Vecenie’s NBA mock draft: ASU’s Josh Christopher lands with Suns
Josh Christopher’s freshman year, which is expected to be his lone college season, didn’t advance his NBA Draft stock.
If anything, it muddled the evaluation process even more.
Not only did his Arizona State Sun Devils fall short of expectations, but the highest-ranked recruit to ever suit up for ASU didn’t finish the year healthy.
When he was available, Christopher’s play was hot-and-cold.
He entered the year as a sure lottery pick but now could end up sliding to the bottom of the first round, and that’s why The Athletic’s Sam Vecenie could see him landing with the Phoenix Suns.
With Phoenix holding the second-best record in the NBA as of Tuesday, Vecenie in his latest mock draft has the Suns selecting Christopher at the No. 29 pick.
Christopher is one of the toughest players to assess in this class. On paper, he has been a pretty big disappointment this season, and evaluators wonder how this style of basketball is going to work at the next level. He’s allergic to passing the ball, has never really been much of a high-volume 3-point shooter and hasn’t ever really made shots at a super high clip. He’s also not exactly an elite athlete. And yet, when you watch the tape, you do see how he’s going to make it work.
Christopher appeared in 15 games during an uneven season for ASU, averaging 14.3 points, 4.7 rebounds and 1.4 assists.
At 6-foot-5 with an NBA-ready 215-pound frame, he’s got the build and enough athletic pop to hold up in the league.
Christopher had flashes as an aware defender and showed anticipation to average 1.5 steals per game. He used his body well.
Though he’s raw, there was promise from an effort perspective.
Finding an offensive niche will be more difficult, as Vecenie says, and it’s odd to say that about a high-profile prospect who joined the Sun Devils with the reputation of a scorer.
Christopher shot 43% and hit 31% from deep, and maybe the efficiency creeps up in the right situation as an NBA player. Surely, the spacing should help him out, as Christopher can use his physicality to get to the free throw stripe — he hit 80% of his shots there. He’s got enough stuff to get off shots at all three levels, and there’s value in that even if the mid-range game wasn’t efficient this past season in college.
He gets separation from players and will be a real weapon with just slight improvement as a shooter. Defensively, he has some real tools in the backcourt. He’s one of the many polarizing prospects evaluators are interested in diving deeper into this offseason.

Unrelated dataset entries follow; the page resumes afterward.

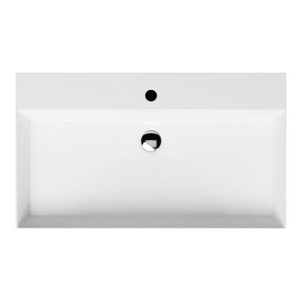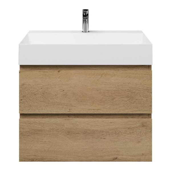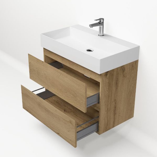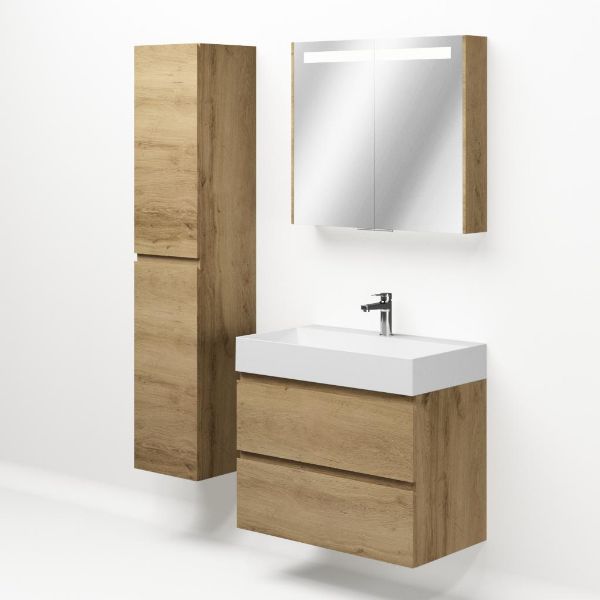 Greeploos badkamermeubel in de kleur eiken warm is 80 cm breed.  De wastafel is vervaardig in keramiek en heeft de kleur wit keramiek. Dit badkamermeubel met deze wastafel is leverbaar tussen de 60 cm t/m 160 cm
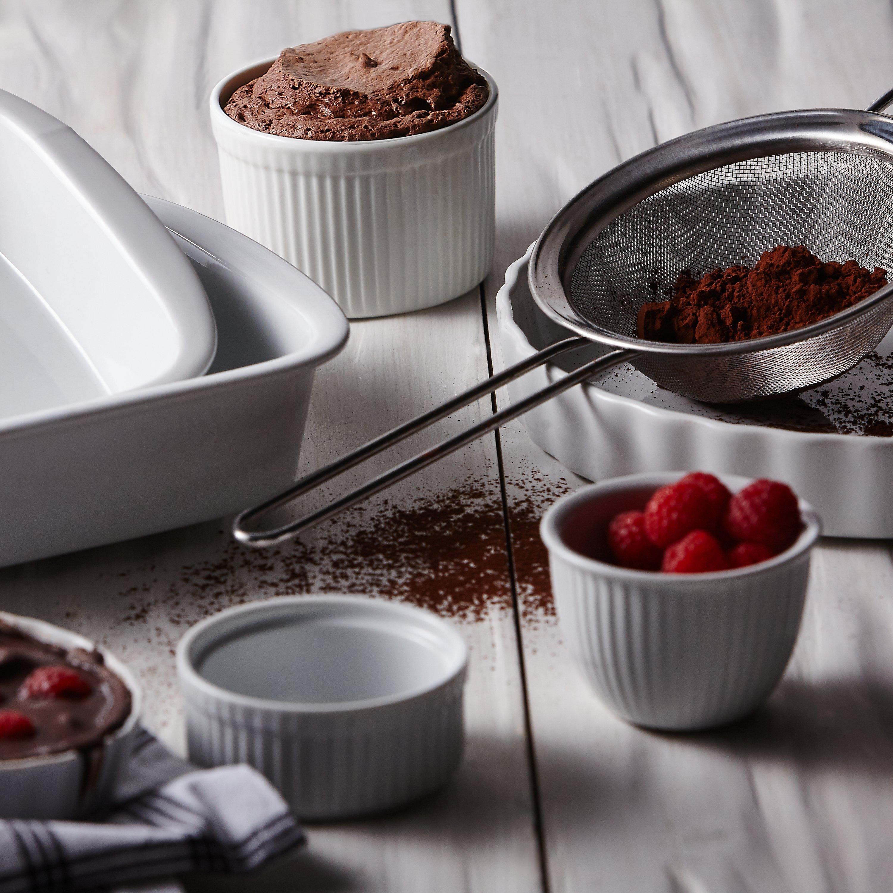 This simple porcelain roaster features clean lines and is versatile enough to go from oven to tabletop. Also great as serveware for fruit or puddings.
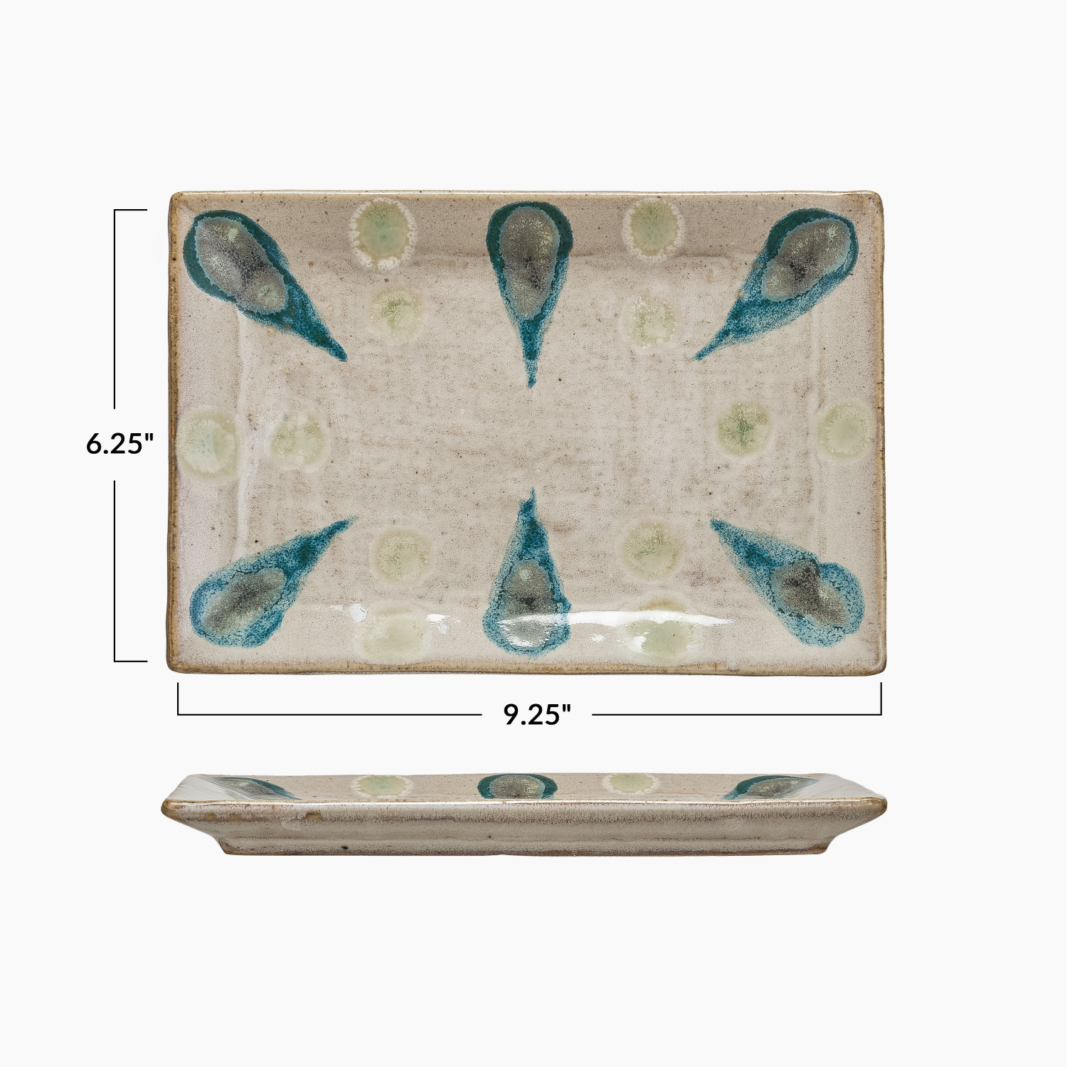 Catalog Name: 9-1/4"L x 6-1/4"W Hand-Painted Stoneware Platter, Reactive Glaze, Green, Blue & Cream Color (Each One Will Vary)
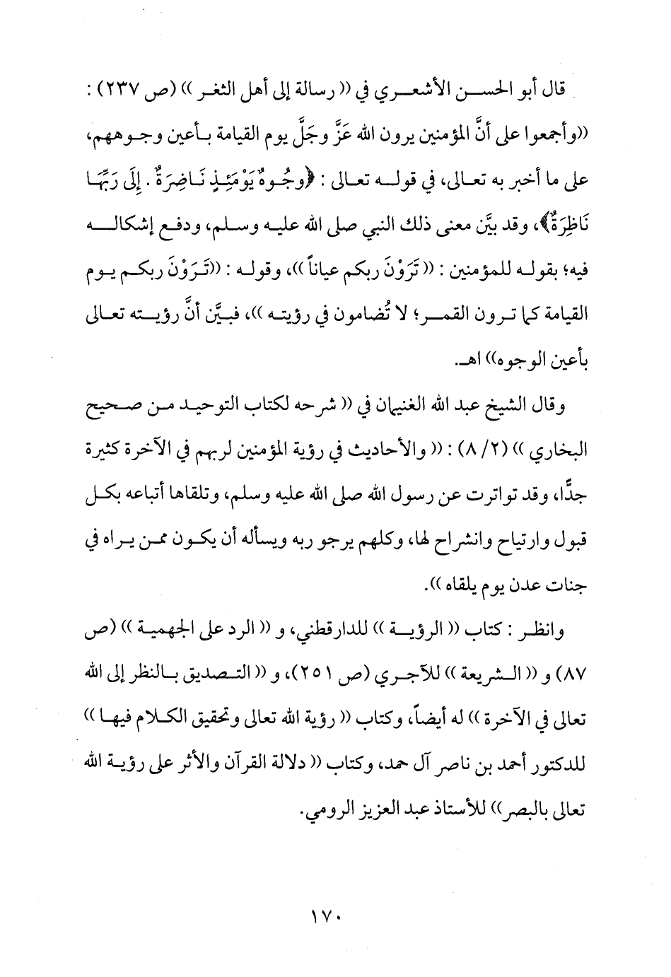 وقال الشيخ عبد الله الغنيمان في ((شرحه لكتاب التوحيد من صحيح البخاري)) (2/8) : ((والأحاديث في رؤية المؤمنين لربهم في الآخرة كثيرة جدّاً، وقد تواترت عن رسول الله صلى الله عليه وسلم، وتلقاها أتباعه بكل قبول وارتياح وانشراح لها، وكلهم يرجو ربه ويسأله أن يكون ممن يراه في جنات عدن يوم يلقاه)) .
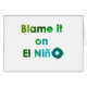 Tem problemas? Precisa de um bode expiatório? Culpa El Nino! Quando a Mãe Natureza ataca tornados, furacões, secas e tempestades de inverno, os meteorologistas olham para o oceano Pacífico e culpam El Niño - por que você não pode? Excelente ecológico da língua design para o Dia da Terra, mudança climática, problemas de namorada/namorado, e para aquele homem do tempo em sua vida.
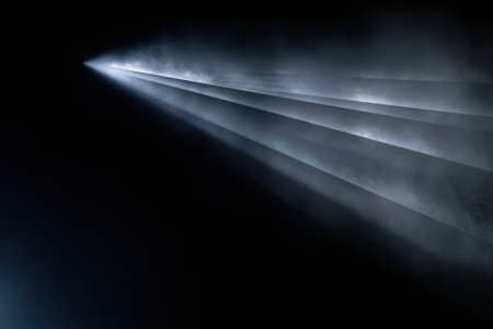Light beams cutting through dark smoke in a dramatic scene

His range is wide entering the pre-draft process, and it would behoove him to take it very seriously.
Christopher’s profile, as of now, does not align with a team like the Suns, who down the road need a lead guard and already have wings who better complement star Devin Booker.
But if Christopher in the draft process can convince teams he’s a more well-rounded teammate and a hard worker, then his skillset falling to the bottom of the first round would be something teams like Phoenix would at least think about.